DiffRay comes with two executables for decompilation of libs and drivers and a python application for parsing the spotted safe function hits into a database and for producing the final diffings. basically what we do is decompile the binaries to .c-files, so yeah we produce some sort of Windows OS source code :) 
you will need IDA Pro and the hexrays decompiler for this step. the .c-files are then parsed to a database. you can choose between sqlite or mssql; i highly recommend mssql. or you implement a DB handler of your choice, this is python!!

next step is the parsing. DiffRay parses either files or whole directories for symbols of safe functions. right now there are 130 symbols, they can be extended by just editing the signatures.conf. also, there is signature mapping if some safe function turns out to be equivalent to another one. we saw this in the past, but didn't yet come up with the right mappings. configuration could be achieved by editing the signature_mapping.conf in the form sig1=sig2, line by line.

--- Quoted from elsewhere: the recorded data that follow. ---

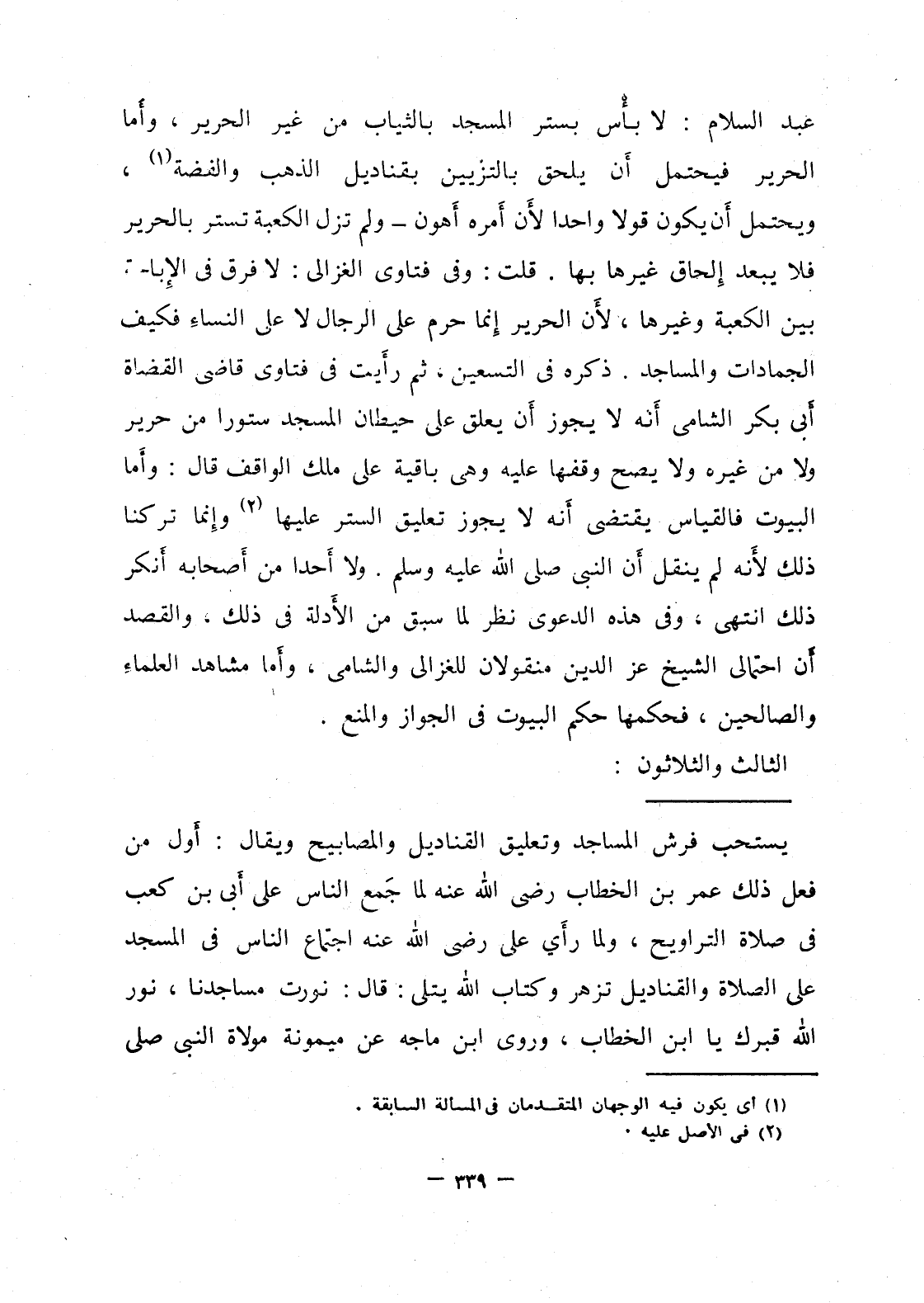 عبد السلام: لا بأس بستر المسجد بالثياب من غير الحرير، وأما الحرير فيحتمل أن يلحق بالتزيين بقناديل الذهب والفضة، ويحتمل أن يكون قولا واحدا لأن أمره أهون – ولم تزل الكعبة تستر بالحرير فلا يبعد إلحاق غيرها بها، قلت: وفي فتاوي الغزالي: لا فرق في الإباحة بين الكعبة وغيرها، لأن الحرير إنما حرم على الرجال لا على النساء فكيف الجمادات والمساجد، ذكره في التسعين ثم رأيت في فتاوي قاضي القضاة أبي بكر الشامي أنه لا يجوز أن يعلق على حيطان المسجد ستورا من حرير ولا من غيره ولا يصح وقفها عليه وهي باقية على ملك الواقف قال: وأما البيوت فالقياس يقتضي أنه لا يجوز تعليق الستر عليها، وإنما تركنا ذلك لأنه لم ينقل أن النبي صلى الله عليه وسلم/ ولا أحدا من أصحابه أنكر ذلك انتهى، وفي هذه الدعوى نظر لما سبق من الأدلة في ذلك، والقصد أن احتمالي الشيخ عز الدين منقولان للغزالي والشامي، وأما مشاهد العلماء والصالحين، فحكمها حكم البيوت في الجواز والمنع.
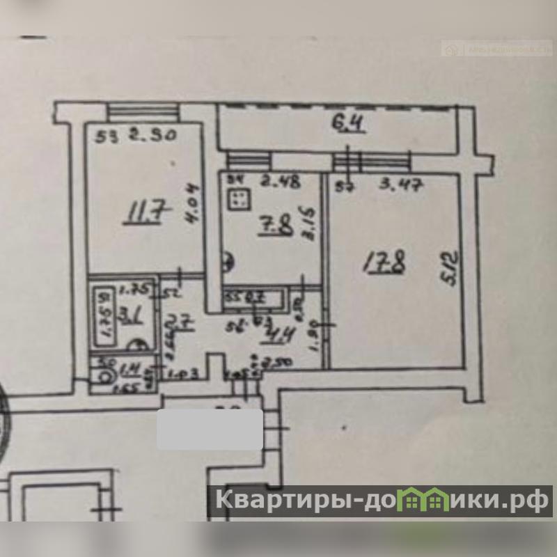 Площадь квартиры с учётом лоджии 55 кв.м. из них площадь жилых комнат 29.5 кв.м., площадь кухни 7.8 кв.м., площадь лоджии 6.4 кв.м.
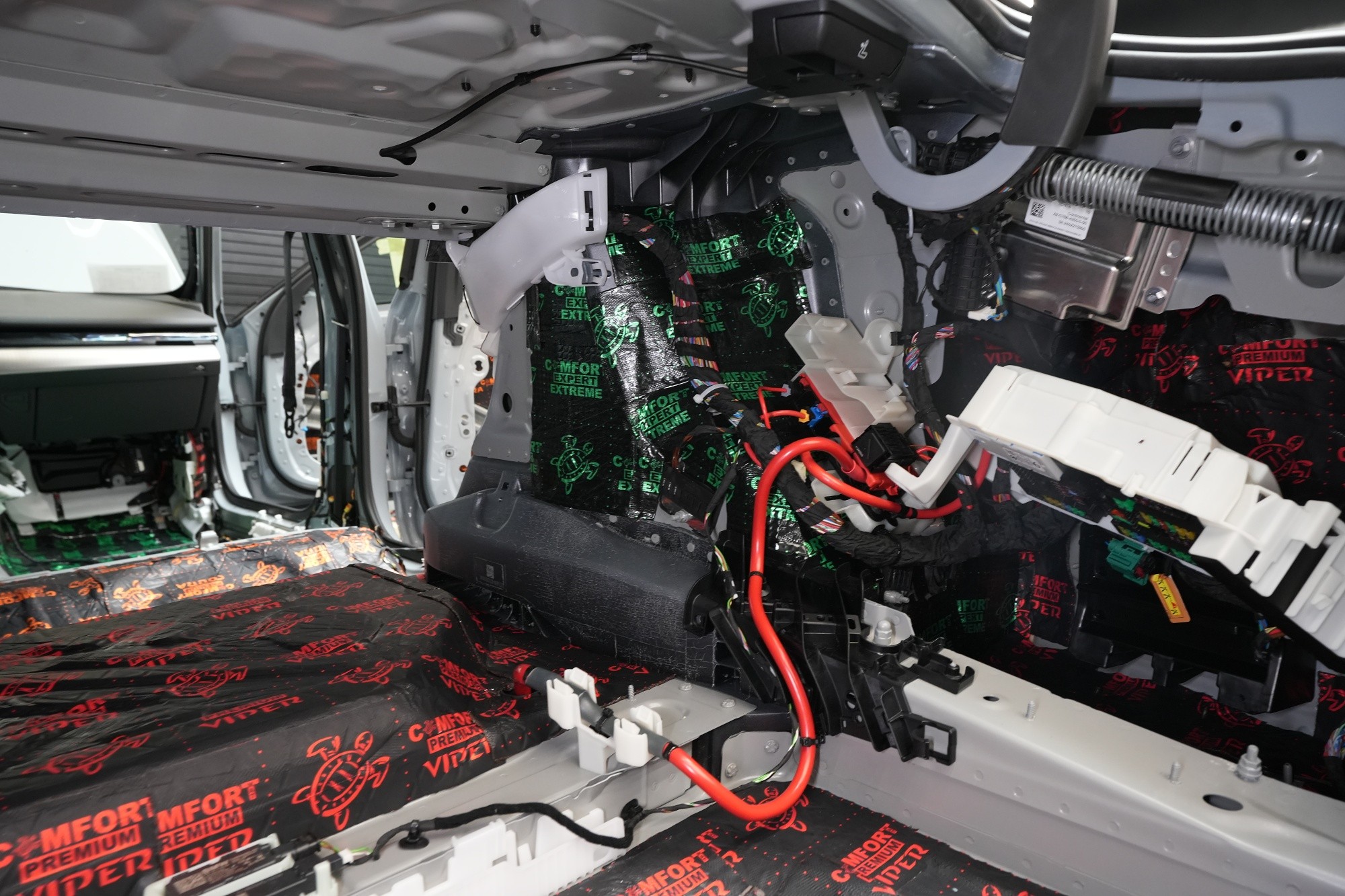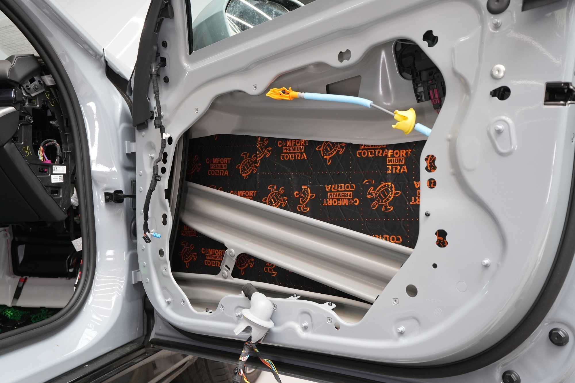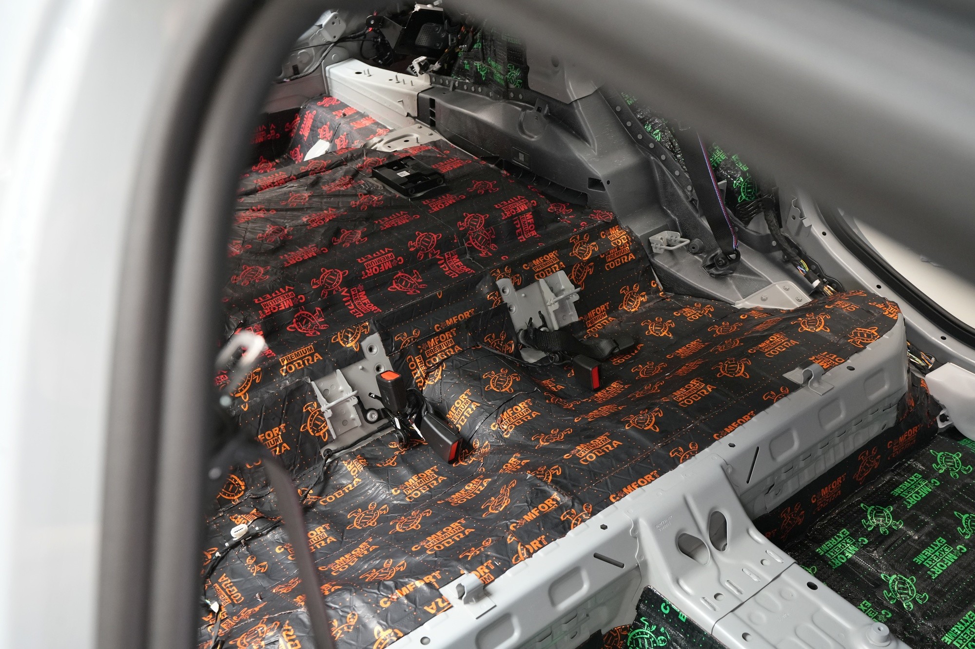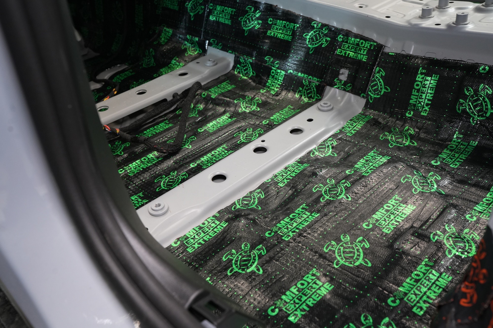 Звукоизолация на BMW 5-та серия (G60) в актуалното поколение. В нашия сервиз не подминаваме и немските премиум автомобили, от които техните собственици очакват повече, поне що се отнася до звуковата изолация. Макар че този модел предлага високо ниво на комфорт и качество, звукоизолацията може значително да подобри впечатлението при шофиране. Нанасянето на нашите материали значително намалява шум от гуми и аеродинамичен шум, което повишава удобството при пътуване, намалява умората и подобрява акустиката на интериора за по-голямо удоволствие от аудиосистемата. Звукоизолацията добавя още едно ниво лукс към вече престижния модел. С клиента се договорихме за нашия пакет за звукоизолация Expert Plus, в който ще се фокусираме върху почти всички най-важни зони на автомобила. Прибавката Plus означава подобрена версия на пакета с по-ефективни материали, насочени към шума от пътя и калниците. Конкретно изолираме предните, задните и петите врати, пода, багажното пространство, покрива, предните и задните калници от външната и вътрешната страна на автомобила. За монтажа работят едновременно четирима наши техници, които извършват монтажа в рамките на 1 работен ден. Резултатът от монтажа е намаление на шума поне с 3 dB, което представлява двукратно намаление спрямо първоначалното състояние. Това предоставя на водача и пътниците още по-приятно и по-луксозно изживяване при шофиране.Показване на продуктиСкриване на продукти
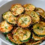 Deliciously crispy zucchini chips baked to perfection with parmesan and garlic seasoning, offering a guilt-free snacking experience.
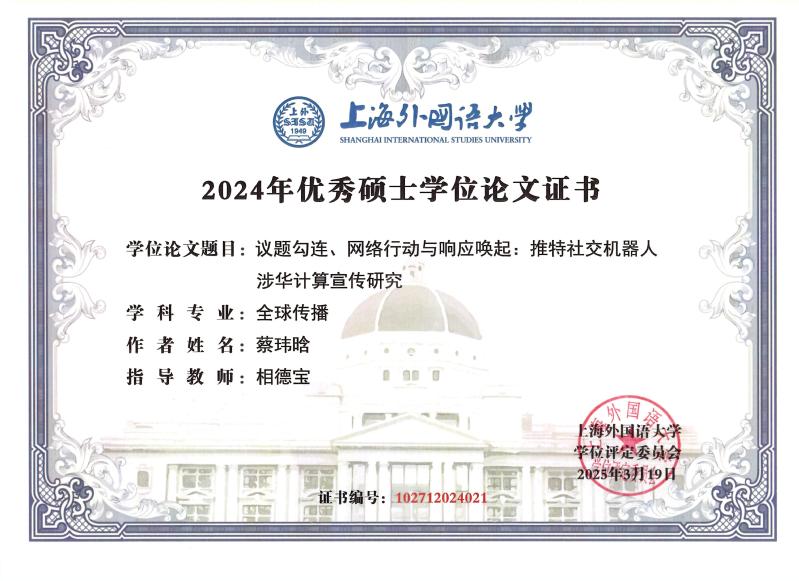 研究生学位论文是衡量人才培养质量的重要指标,是创新成果的重要体现。我院贾牧笛的博士论文,蔡玮晗、陈唐源和翟妤宁的硕士论文获评开云电竞注册流程2024年优秀博士、硕士学位论文,充分展现了我院研究生培养的成效。

once the parsing is finished (depending on the DB backend that could take a while) DiffRay can start with the diffing. the commandline instructions you need are listed in the slides. basically, diffing can happen via library id or via library name. the lib id way is not very handy when diffing various libraries. thus for automation i recommend using the name option and creating a batch file that feeds DiffRay with the library names and dumps the output to a directory of choice.

attention, for the name option the name should identify the Win7/Win8 versions, without extention! so e.g. kernel32 is fine, when there is a Win7 version and a Win8 version present.

the output then should be a bunch of files, preferably .csv, that contain data like this:

Function_Name Pattern Win8 Win7
EQoSDispatchIoctl StringCbLength 2 0
Ipv4SetEchoRequestCreate ULongAdd 4 0
Ipv6SetEchoRequestCreate ULongAdd 4 0
WfpAleAuditEvent StringCbCopy 2 1
WfpAleCaptureImageFileName StringCbCopy 1 2

from here on the researcher is on his own. now, get the libraries, open them in IDA and jump to the mentioned functions. good luck ;)


for ease of use we decided we wrap this whole process up in a GUI. its designed in Qt, so very easy to build and modify - you can even change the colors if you don't like my chewing gum style. anyway, all the colors do make sense as all functions are integrated into one window:


configuration dialog. you HAVE to be connected to a database when you start parsing! you can configure credentials for mssql, there is nothing to configure for sqlite (always connects to the same sqlite db). the buttons CREATE DB and FLUSH DB at the moment actually do the same, dropping everything and creating a new db from scratch. via the configuration dialog you can edit signatures, mssql settings, mappings and logging.


decompilation box. click around here to invoke the dll2idb.exe and idb2c.exe that should come with the python project. then watch the IDA Pro window pop up and down as it decompiles :)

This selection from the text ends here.